As at December 2017, Saudi Arabia had the highest rig drilling activities of 142 rig count; followed by Venezuela with 82 rig counts; while Iraq Kuwait and United Arab Emirates (UAE) and Algeria all had 54, 53, 54 and 50 respectively to make up the six countries with the highest rig counts among OPEC members countries.
Also, Nigeria have 28 rig drilling activities, followed by Qatar with 6 rig counts, while Ecuador, Angola, Gabon, and Equatorial Guinea and Libya all had 5, 2,2,1 and 1 respectively to make up OPEC countries with the lowest number of rig count.
Despite Venezuela internal crises, the country still witness the highest increase in rig count of 10, as it recorded 92 in December, compared to 82 in the previous month.
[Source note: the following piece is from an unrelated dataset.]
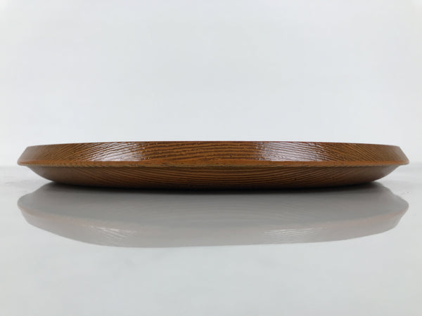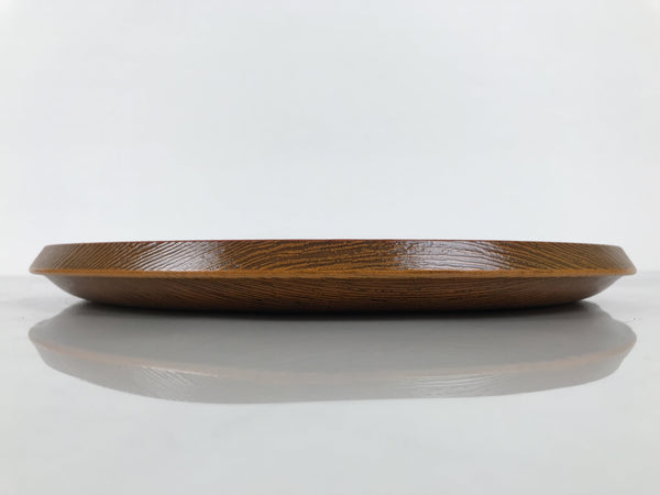 This vintage Japanese serving tray is made of resin. Made to mimic brushed lacquer, this tray is brown with faux wood grain and a red top edge. It is round with a short raised edge so drinks cannot easily slide off.

The 14 OPEC members recorded a total of 550 rig counts last December as against 548 recorded the previous month.
Iraq was second to Venezuela in terms of increase in rig count, as it recorded an increase of 3, having had 54 in December, as against 51 recorded in November.
A breakdown of what transpired in Nigeria’s deepwater drilling activities in 2017, showed that in first quarter 2017, Nigeria had a total of 27 rig drilling activities, increasing to 28 rigs in the second quarter.
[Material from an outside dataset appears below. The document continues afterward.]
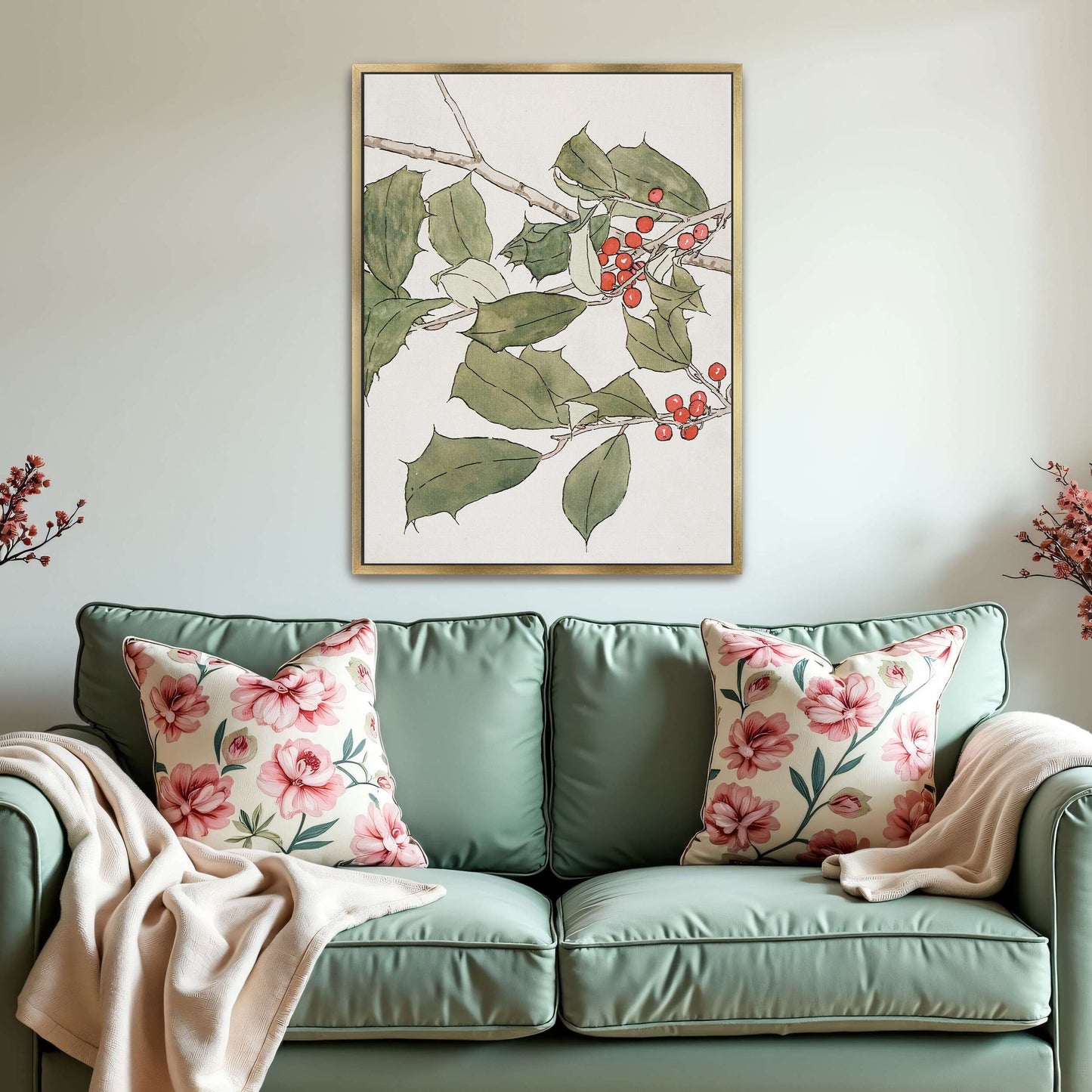 Holly Branch With Red Berries By Hannah Borger Overbeck

In the third quarter, it dropped again to 27 rigs and rose slightly to 28 rigs in the fourth quarter. In November, drilling activities rose to 29 on rig count, dropping again to 28 in December.
Leading the OPEC loss pack was Algeria, which had minus five, having recorded 50 as against 55 during the period under review. It was followed by Saudi Arabia, which had a loss of four, following its record of 142 rig count in December, as against 146 rig count recorded the previous month.
Ecuador tallied with Nigeria with the loss of one, having recorded a rig count of five in December as against six recorded previously.
Eight other OPEC members showed no change in their rig count during the period under review. Iran, United Arab Emirate (UAE), Kuwait, Qatar, recorded 61, 53, 6, respectively, while Angola and Gabon recorded two each, as Equatorial Guinea and Libya recorded one each.
Non-OPEC members saw an increase of 30, having recorded 1,621 rig counts in December as against 1,591 previously. World rig count witnessed an increase of 32, as it recorded 2,171 in December as against 2,139 in November.
Going by regional rig count, Latin America gained 14 units in December to 195, up 11 year-over-year, while in North America; the US was up 19 units to 930, a rally of sorts, as it marked the first increase in average monthly rigs running since July 2017.
Canada was up 1 unit to 205. The Asia-Pacific region dropped 4 units during the month to 217 but was up 25 rigs compared with its December 2016 average, while Africa declined 8 units during the month to 77, down 1 year-over-year.
Last month, Nigeria itched towards the realisation of the$16billion Egina project as its Floating, Production, Storage and Offloading unit (FPSO), the largest in the country and indeed in Africa arrived Lagos Deep Offshore Logistics Base (LADOL) where the integration of six locally fabricated modules will take place over the next few months.
It is the largest investment project currently on-going in the oil and gas sector in Nigeria. The project is expected to be completed in Q4 – 2018 within the initial budget.